The aim is to improve on existing voice recognition technologies and voice by metric systems — in which people can be recognized based on their voice. The voice recognition systems in use today, by Google and Apple’s Siri, for example, “are not good enough, they are used by geeks but not anyone else,” he said, because the system does not always manage to correctly interpret the voice commands.
VocalZoom’s technology is an optical sensor that is immune to acoustic noise. It measures the vibrations that are created only when a person is speaking — from the throat and face of the speaker — and converts the data into an audio signal.
VocalZoom has been working with Honda Xcelerator to apply its technology to the in-car experience. The two companies presented the results of their collaboration last week at the CES 2017 consumer electronics trade show in Las Vegas.
The Honda Xcelerator is an innovation program designed to promote collaborations between early stage technology startups and global Honda.
“The technology can be used anywhere and in any gadget,” Bakish said, “But the automotive industry is our primary focus” because the industry has a high demand for technology that allows accurate and clear communication through voice commands to make it more convenient and safer for drivers.
VocalZoom’s optical sensor can be installed in a car’s rear-view mirror, dashboard, seats or ceiling, where it can be used to acquire data from tiny vibrations in a driver’s facial skin while issuing voice commands. This data is measured and converted to an isolated, “near-perfect reference signal” that automotive voice control systems can understand and quickly respond to, regardless of noise levels, the company said.

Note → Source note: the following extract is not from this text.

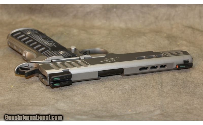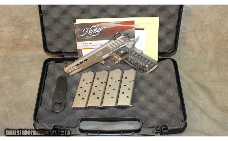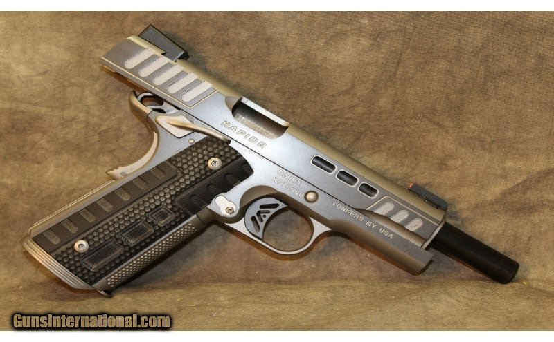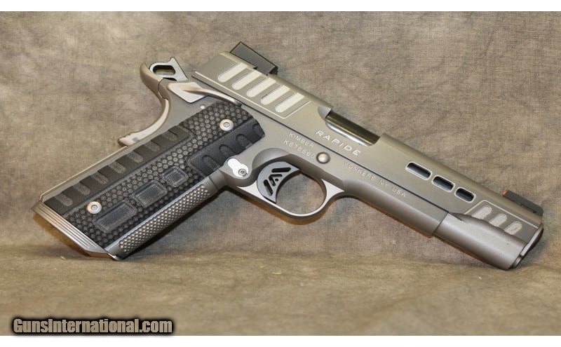 Description: This Kimber Rapide .45 acp is in outstanding condition. There is not a scratch or mark on this gun. It comes with three extra 8 round magazines, manual, and factory hard case. Very nice looking gun and setup for a good price. .45 ACP SOLD Chambers: .45 ACP with 8 round magazine Metal Condition: Excellent Bore Condition: Excellent Barrels: 5" Ported Triggers: Adjustable Weight: 38 oz Item Location: Grapevine, TX |

Tests have shown performance improvements of at least 50 percent compared to traditional speech-recognition technology in a quiet automotive environment, and even better in noisy environments, VocalZoom said in a statement.
The Yokne’am, Israel-based company, founded in 2010 to focus on human-to-machine-communication, has been working together with a number of original equipment manufacturers to integrate its technology into their products. Honda is just one of the car manufacturers it is working with, Bakish said.
The first application of VocalZoom’s speech recognition technology will be in the consumer electronics market, he said, in products like virtual reality headsets and virtual reality helmets for motorcycles, sometime during 2017 and 2018, he said. The technology is expected to be deployed in cars, including Honda models, sometime in 2019.
VocalZoom investors include 3M Ventures, OurCrowd, Motorola Solutions and Japan’s Fuetrek Co.